思及此,禦紫炎原本沉重的心情也輕鬆了幾分,稚嫩的嗓音繼續娓娓說道,“眼下情形,對方在暗,而我們在明。燕琉暉的對策雖也不失為一條妙計。隻是,這李代桃僵之計若是被那神秘人覺察出端倪,搞不好反將他激怒,引來更大事端。

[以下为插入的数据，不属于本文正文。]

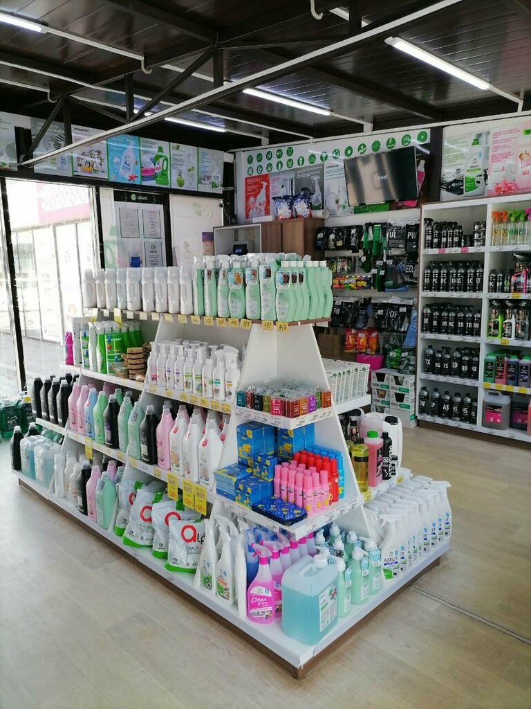 Маленький , но насыщенный ассартиментом магазинчик выбор оч большой средства дизинфекции , смс все для чистоты и антибакт обработки , для чистюль есть все....

退一步講,即便真能找到一個同兒臣年貌相當的稚子,蒙混過關,但稚子何其無辜,此去豈非羊入虎口?且稚子無知,就算同那神秘人正麵相對,對此行目的怕也毫無助益罷?弄不好還會被賊人利用,日後反成隱患。”
“所以炎兒便想親自涉險麼?”
禦天行眉峰深鎖,微涼的手掌托起那稚嫩的臉龐,邊輕輕摩挲邊緩聲道:“父皇明白炎兒的意思。炎兒神魂異於常人,心智早慧,但這並不代表稚齡如你,便得擔起常人無法承受之重負。”
明白顯露出關懷之意的話語令禦紫炎心中一暖,但他仍繼續勸說道:“兒臣三生有幸,能得父皇如此體恤。但兒臣實在不願其他無辜稚子代兒臣受此磨難,更想為父皇分憂、為君主盡忠。

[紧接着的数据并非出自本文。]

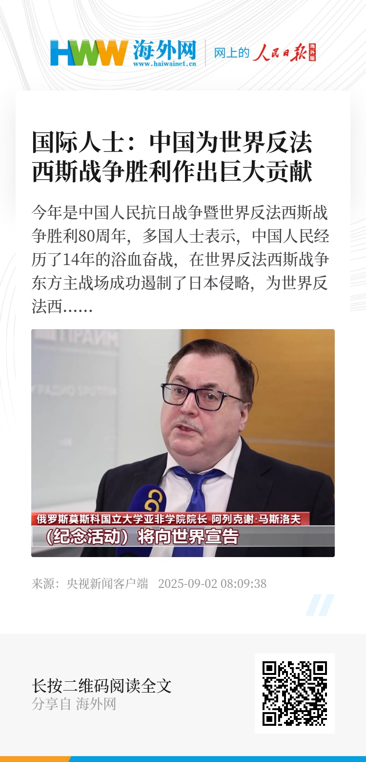 俄罗斯莫斯科国立大学亚非学院院长 阿列克谢·马斯洛夫:纪念活动将向世界宣告,这段历史不能被遗忘。中国凭借自身的力量将日军主力牵制在中国境内,这是日本未能对苏联发起军事进攻的关键原因之一。

況且,兒臣相信父皇也同兒臣有一樣的想法——那神秘人並非想要兒臣性命。否則以他殺人於無形的能為,兒臣斷活不到今日。至於對方的目的是什麼,眼下我們尚無頭緒。但若兒臣能正麵接觸到那神秘人,相信總能找到一些線索,助父皇找出應對之策。到時候父皇將那神秘人製服,兒臣也便得救了。”
……扶著禦紫炎的肩頭,禦天行蹙著眉凝視眼前一臉淡然的人兒,明明是如此孱弱的孩童,明知有人對其有所圖謀,為何這人兒仍能如此平靜、條理清晰的同他剖析眼前情勢,甚至甘願作為死士棋子,為自己驅使?難道他當真能如此輕易將生死置之度外、對此世沒有絲毫留戀麼?
不知為何,眼前人這等將生死視若等閑的從容模樣,令禦天行心中有種說不出的難受。
半晌,禦天行終於開口,沉聲問道:“炎兒難道一點也不怕麼?”
“嗬嗬,怕,自是怕的。”
禦紫炎抿唇一笑,顯得有些羞赧,“有人盤算著將兒臣帶走,不知意欲何為,且此人身份不明、手段激烈,若說不怕實屬自欺欺人。不過兩世為人,對生死倒也看淡了些。今生有幸能得父皇、母妃眷顧,已是前世無可企及之福。隻不過日後若無法繼續承歡膝下,總歸還是有些遺憾的。”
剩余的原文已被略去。